McClure pointed out that Azzopardi, in particular, began campaigning last May and visited close to 1,200 voters in her district. Around 100 community volunteers served as her drivers, knocked on doors across the county and wrote a steady stream of letters to local newspapers.
In addition, he said the Confederated Salish and Kootenai Tribes and Red Medicine, an organization dedicated to increase political engagement among Native voters, helped “ensure tribal members got out to vote and had access to the polls.”
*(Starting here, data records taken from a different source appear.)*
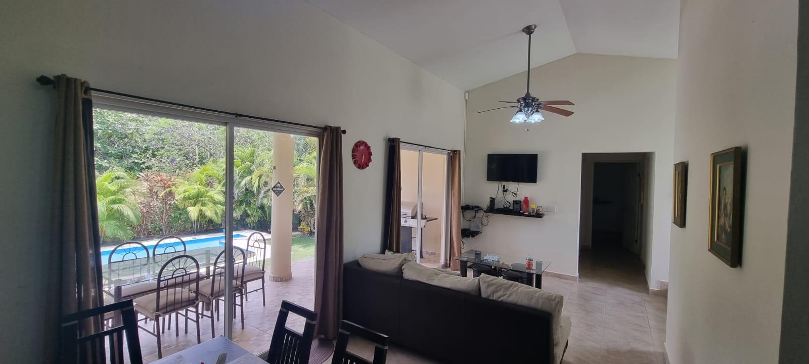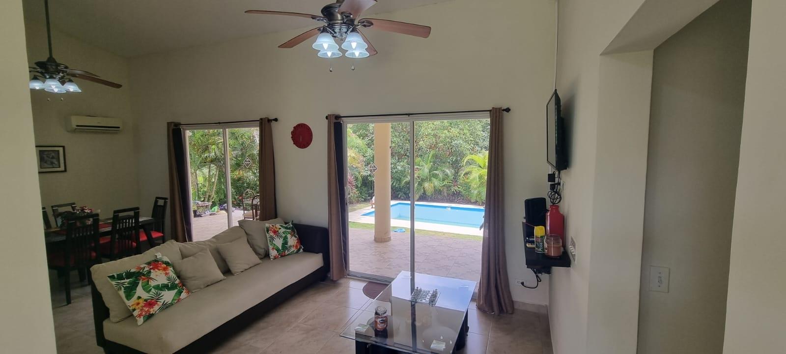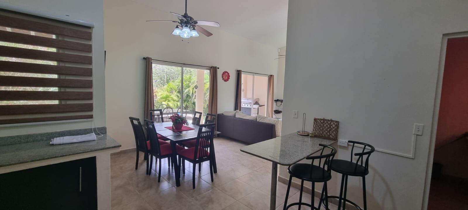 Vida campestre cerca del mar – Valle Village, Las Uvas, Panamá Escapa del ruido y encuentra la tranquilidad en esta encantadora casa campestre de una planta, ubicada en la comunidad privada y cerrada de Valle Village, Las Uvas. A solo 15 minutos de Coronado y 2 horas de la Ciudad de Panamá, esta propiedad amueblada es ideal para escapadas o vivir a tiempo completo. Con 120 m² (1291.67 ft²) de construcción sobre un terreno de 1080 m² (11625 ft²), cuenta con una distribución abierta que integra sala, comedor y cocina, además de una amplia terraza techada ideal para descansar o compartir. Incluye 2 recámaras, 2 baños completos con salida hacia la piscina, y estacionamiento para 2 vehículos. El jardín está rodeado de árboles frutales y ofrece un ambiente natural y muy tranquilo. Valle Village ofrece excelentes amenidades: ✔️ 2 piscinas ✔️ Área de BBQ ✔️ Canchas deportivas ✔️ Comunidad tranquila y segura ✔️ Cuota de mantenimiento: $125/mes ✔️ Se vende amueblada y con electrodomésticos Vive rodeado de naturaleza, a pocos minutos de las playas, tiendas y restaurantes. ¡Contáctanos para agendar tu visita!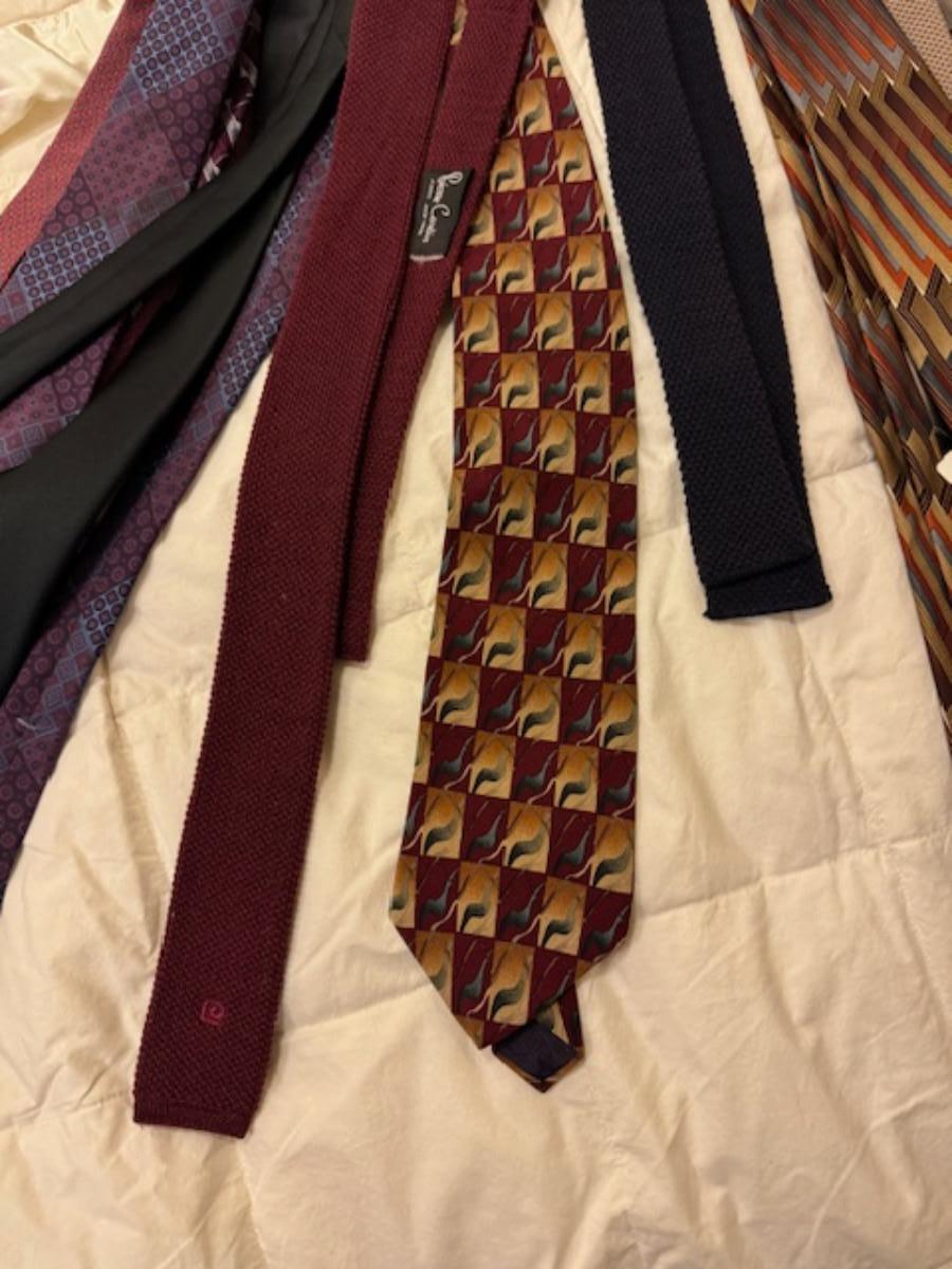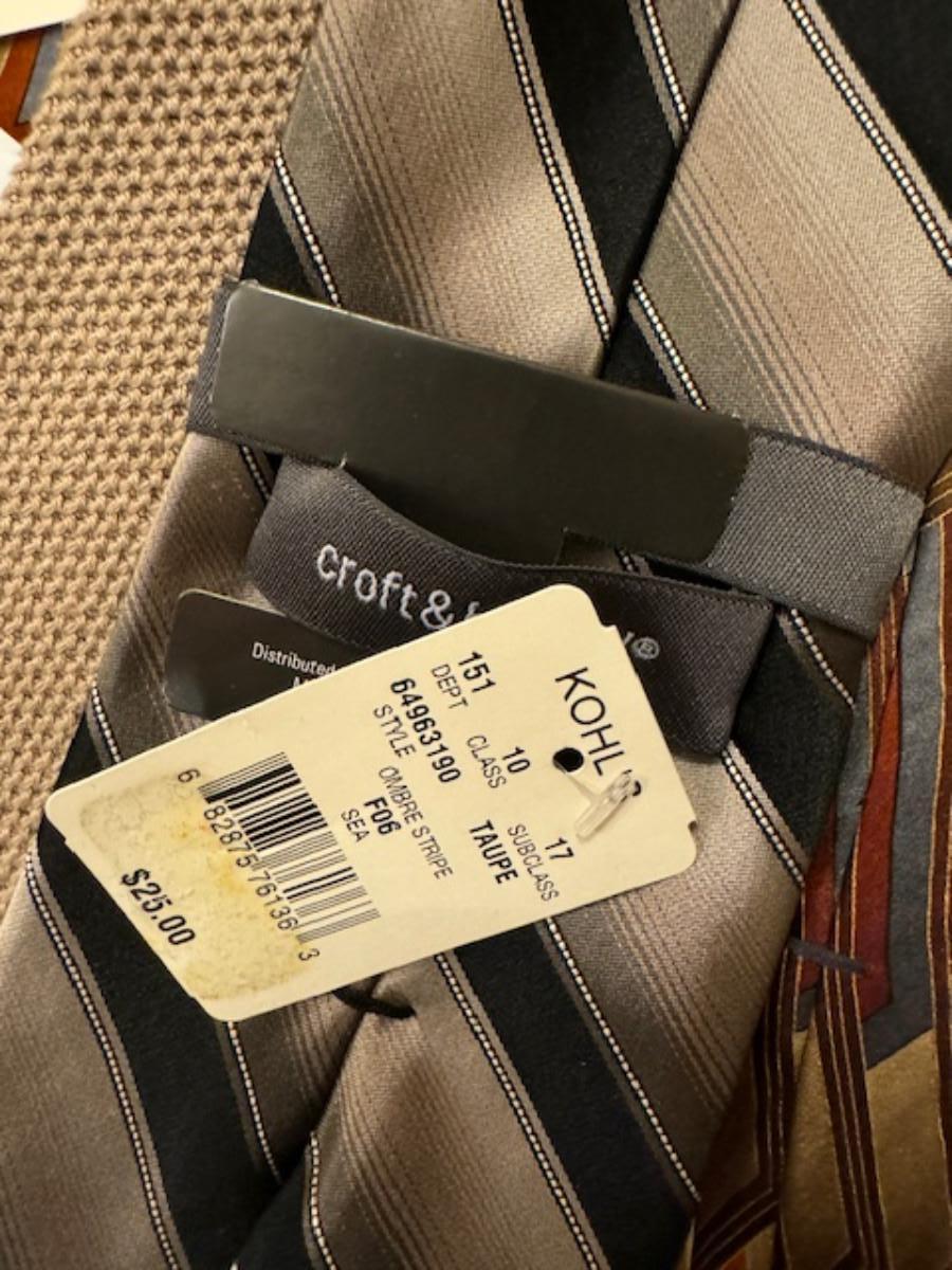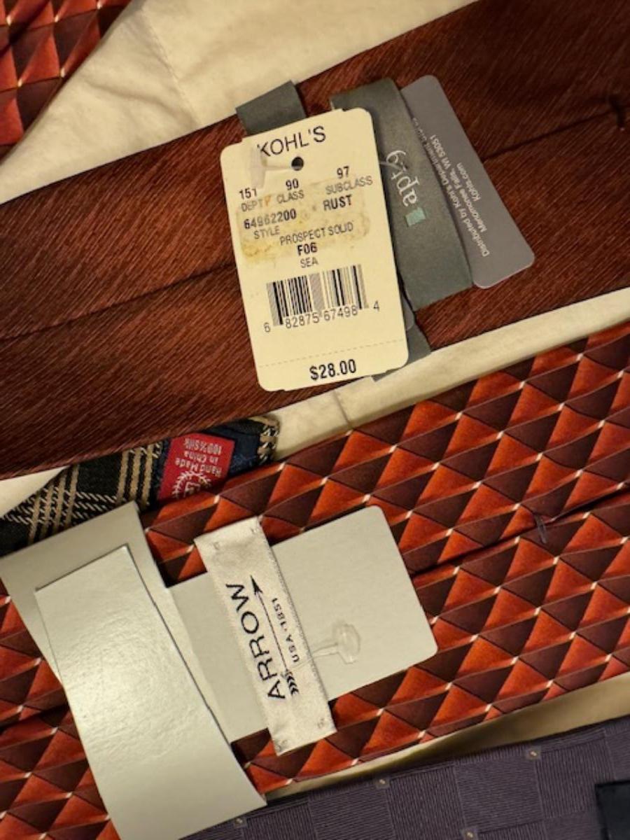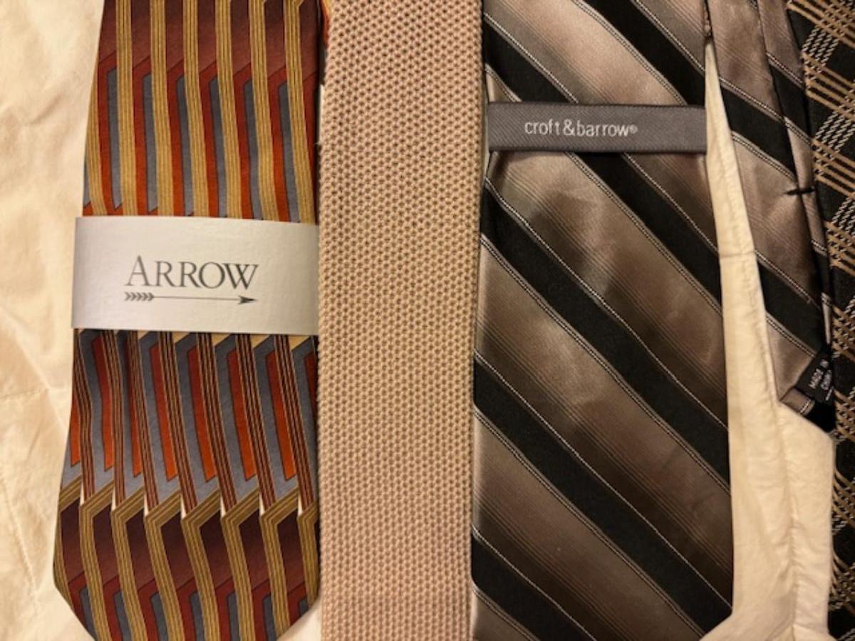 Holder not included: Men's warehouse, arrow x 3, apt 9 x 1, croft and barrow x 1, Yves St. Laurent, Nautica, Jordache, Chaps, Brownstone NY, Jerry Garcia, Calvin Klein, Pierre Cardin, Polo Ralph Lauren.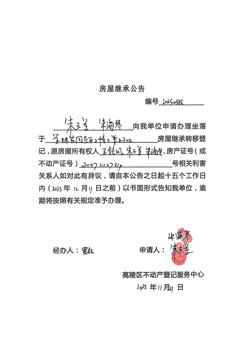朱玉軍、朱海琴房屋繼承公告,編號:20250388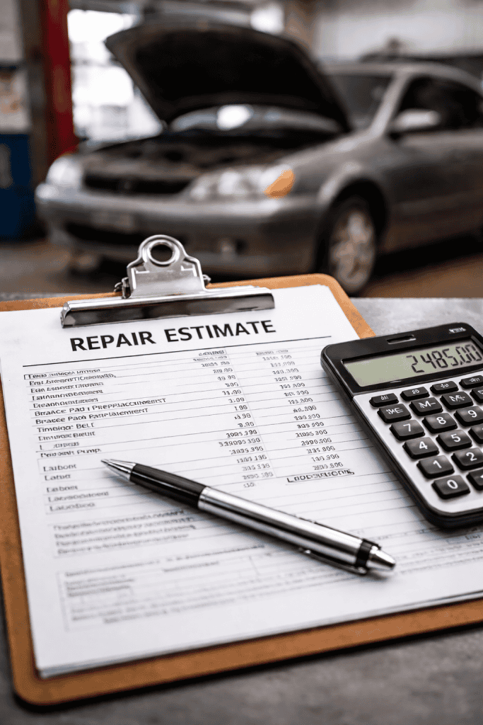 Repair estimate document on clipboard with calculator beside it and blurred vehicle with open hood in auto repair shop background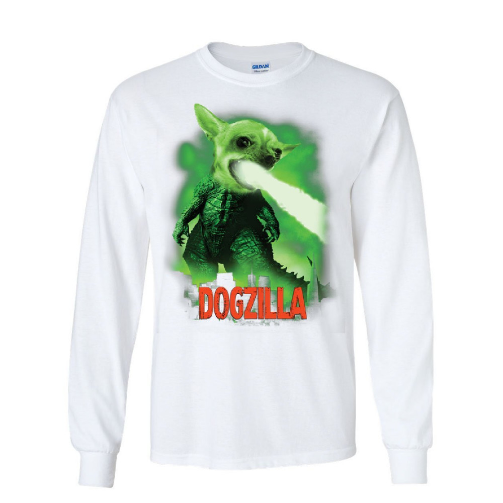 DOGZILLA FUNNY long sleeve t-shirt movie parody dog pet lovers atomic breath tee white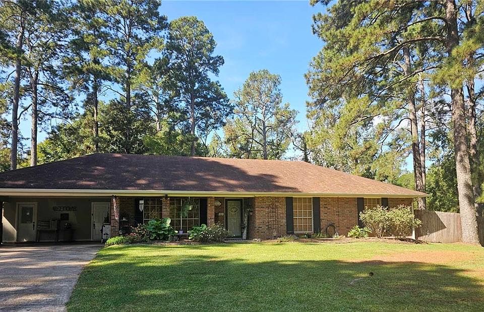 This home features 3 bedrooms and 2 bathrooms, along with an office that includes its own private entrance. Situated just beyond the city limits, this home is nestled in one of the most sought-after neighborhoods in Pineville. The property spans nearly an acre and includes a 30×16 workshop equipped with electricity and ceramic tile flooring. The spacious covered patio is the ultimate spot for hosting gatherings, while the expansive landscaped backyard provides a picturesque backdrop.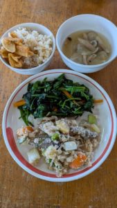 分付き米 ほうれん草と豆もやしのナムル 高野豆腐と冬瓜の炊き合わせ 豚汁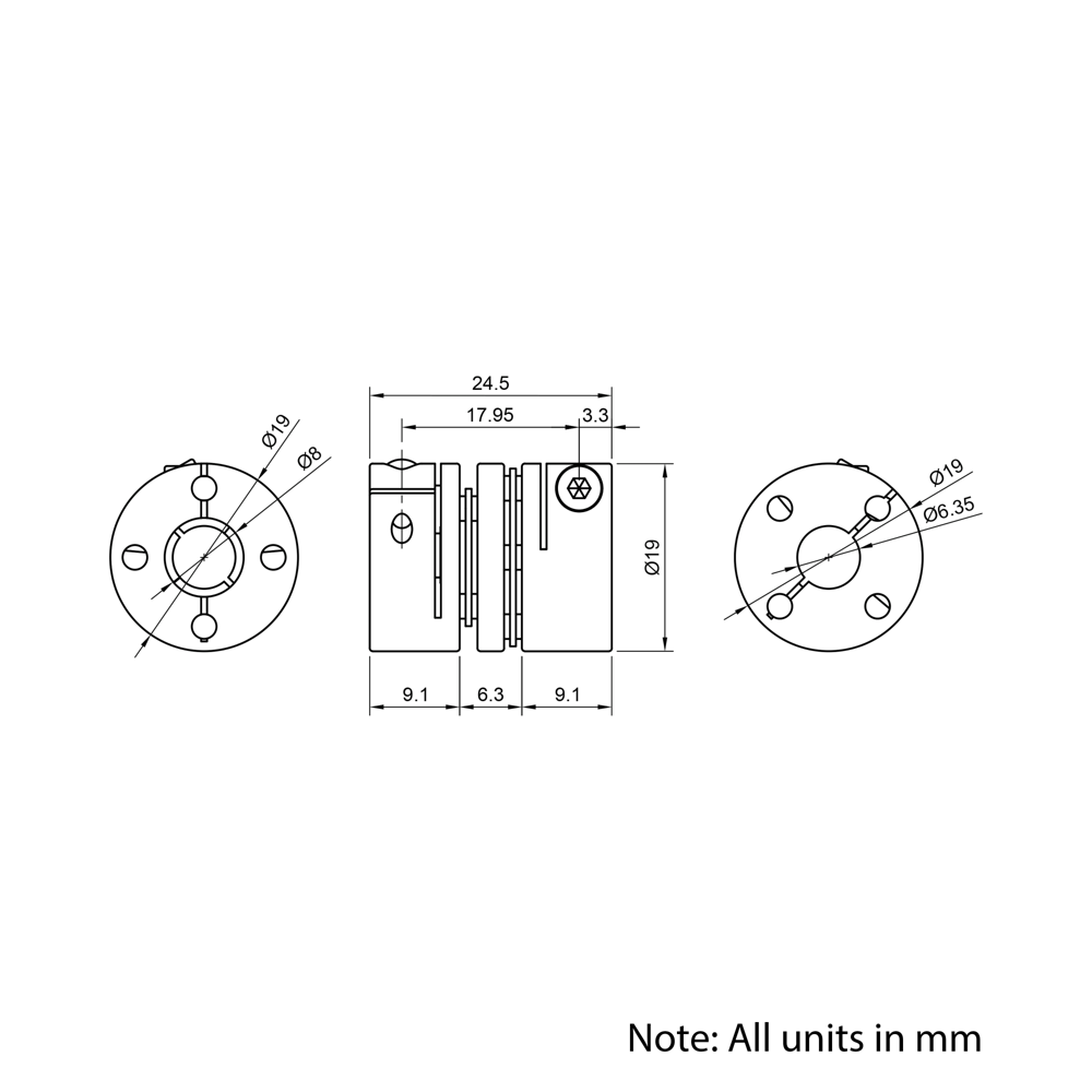 1/4″x8mm Disc Flexible Shaft Coupling is a high-performance coupling designed to connect shafts while delivering precise, zero-backlash torque transmission. Ideal for high-precision motion control applications, this coupling features rigid metal discs that provide high torsional stiffness. Its disc design accommodates shaft misalignment while maintaining consistent torque transfer, making it suitable for applications where precision is critical. While it offers low to medium torque capacity and limited vibration damping, its stiffness, accuracy, and zero-backlash performance make it a popular choice for many motion control systems.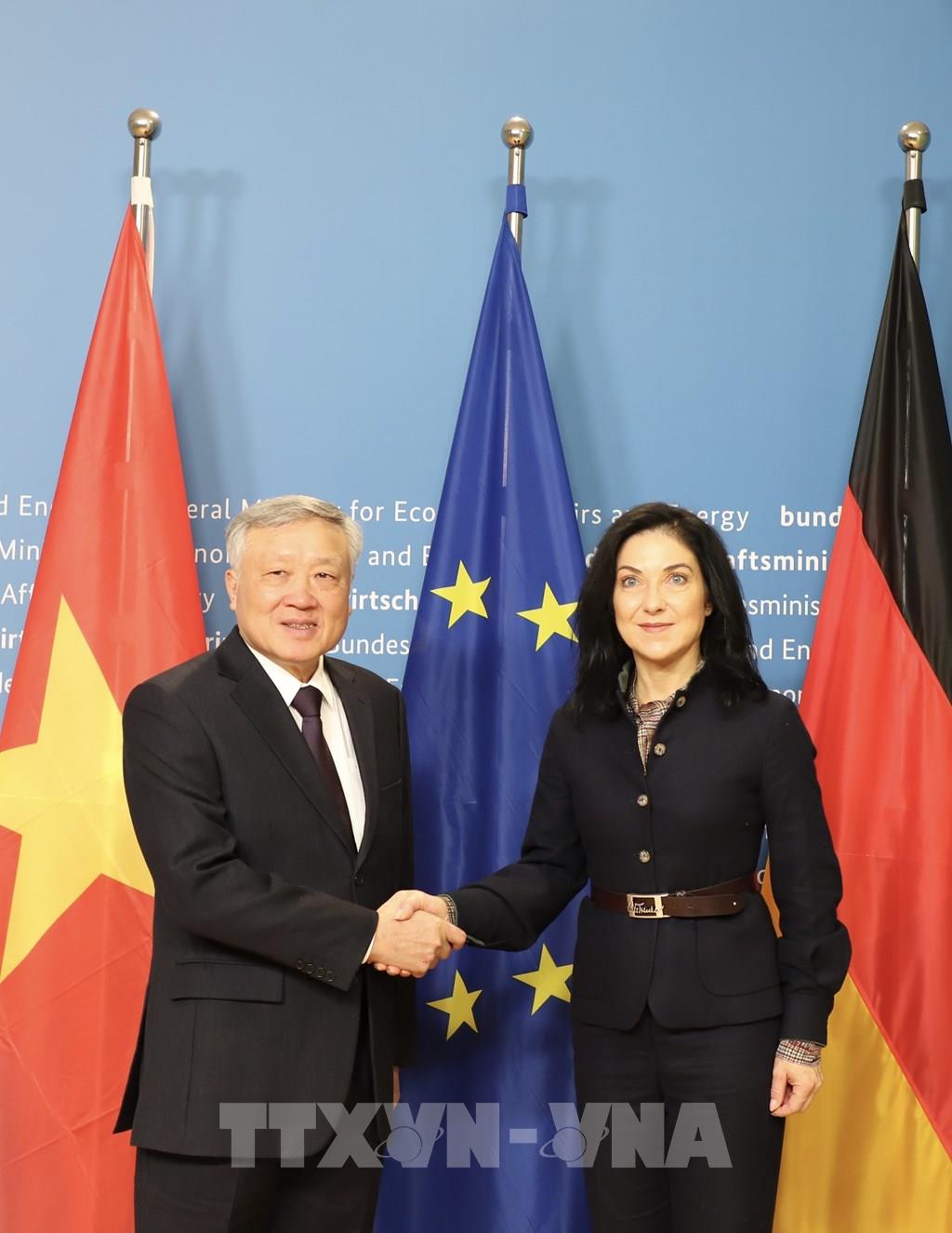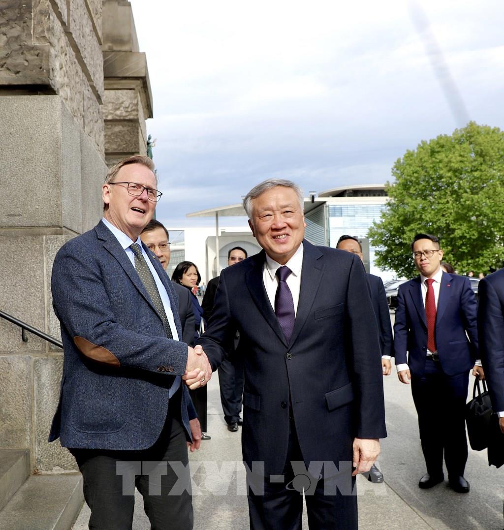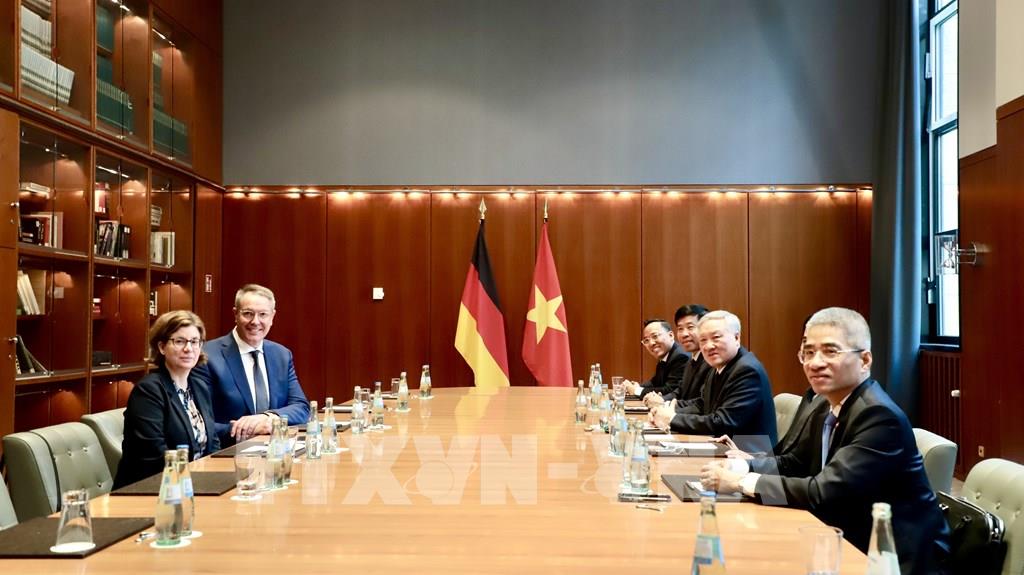 Lãnh đạo Đức bày tỏ ngưỡng mộ những nỗ lực của Việt Nam trong phát triển đất nước cũng như đánh giá cao quyết tâm xây dựng thành công các trung tâm tài chính quốc tế tại Đà Nẵng và Thành phố Hồ Chí Minh; cho biết sẵn sàng phối hợp, chia sẻ kinh nghiệm và đào tạo nguồn nhân lực cho Việt Nam trong lĩnh vực này.

Still, those efforts didn’t seem to move the needle on local election results, nor alter the race for U.S. House, with former Interior Secretary Ryan Zinke receiving 49% of the vote (55% in Lake County) to claim a seat in the newly formed district. His main opponent, Monica Tranel, secured 46% (40% locally).
“The voters in Western Montana are very familiar with Ryan and have thrown their trust behind his policies related to the economy and protecting freedoms while his opponent was a supporter of the liberal policies of President Biden, which Montanans have firmly opposed,” said Hertz.
Praise for bipartisan forums
McClure praised “good cooperative efforts across the aisle” that brought candidates together for two bipartisan forums, one for legislative candidates and a second for justice of the peace. Democrats hosted a third for Tranel and Libertarian John Lamb after Republicans dropped out when their candidate refused the invitation to participate.
“I really appreciate the GOP being willing to work with us so voters had an opportunity to hear what our candidates stood for – it was a good thing for everybody,” says McClure.
He was less enthused about Republicans’ overt support of judicial candidates, from the Supreme Court race between Ingrid Gustafson and James Brown to the local justice of the peace contest. “That partisan judicial thing really bothered me,” he said.
The local Republican Party’s support for JP candidate Rick Schoening over opponent Mike Larson in a race that’s supposedly non-partisan was especially baffling to McClure. “Both of those are good guys,” he said. “Why they chose to put their finger on the scale, I don’t know.”
Hertz foresees tax breaks, infrastructure help
With the focus now shifting to the upcoming legislative session, Hertz predicts that larger Republican majorities may result in “some amendment proposals to our constitution, which voters will decide.”
He predicts more bills will be introduced regarding abortion rights, and hopes the Montana Supreme Court will support bills passed by the 2020 Legislature and currently enjoined by a district court “that limited abortion after the first trimester, which the majority of voters in the country support.”
He’s in favor of returning “a good portion” of the state’s budget surplus to resident taxpayers, with the remainder addressing a variety of issues, including prisons, mental illness and issues at the state mental hospital, infrastructure, and maintenance and building projects for rural school districts.
Holding candidates accountable
McClure says the Republicans’ likely supermajority, “is going to be a real big thing for Montana. I just hope they can use that power to do good things for Montana families.”
Local Democrats plan to keep an eye on the Legislature’s trajectory, working with Democrats in other counties “to weigh in at the committee level and try to pick and track some key topics” in hopes of influencing outcomes “before the bill gets out on the floor.”
“Long term, we’ve got to hold our own candidates accountable here.”
McClure, who volunteered as a poll watcher this year, also gave a shout out to election administrator Toni Kramer, the staff at the Lake County Election Office and all the poll workers who helped gather and tally more than 13,000 ballots.
“It’s a really cool thing to see all the checks and balances that go in to making sure everything is counted accurately,” he said, describing the process as a “herculean effort.”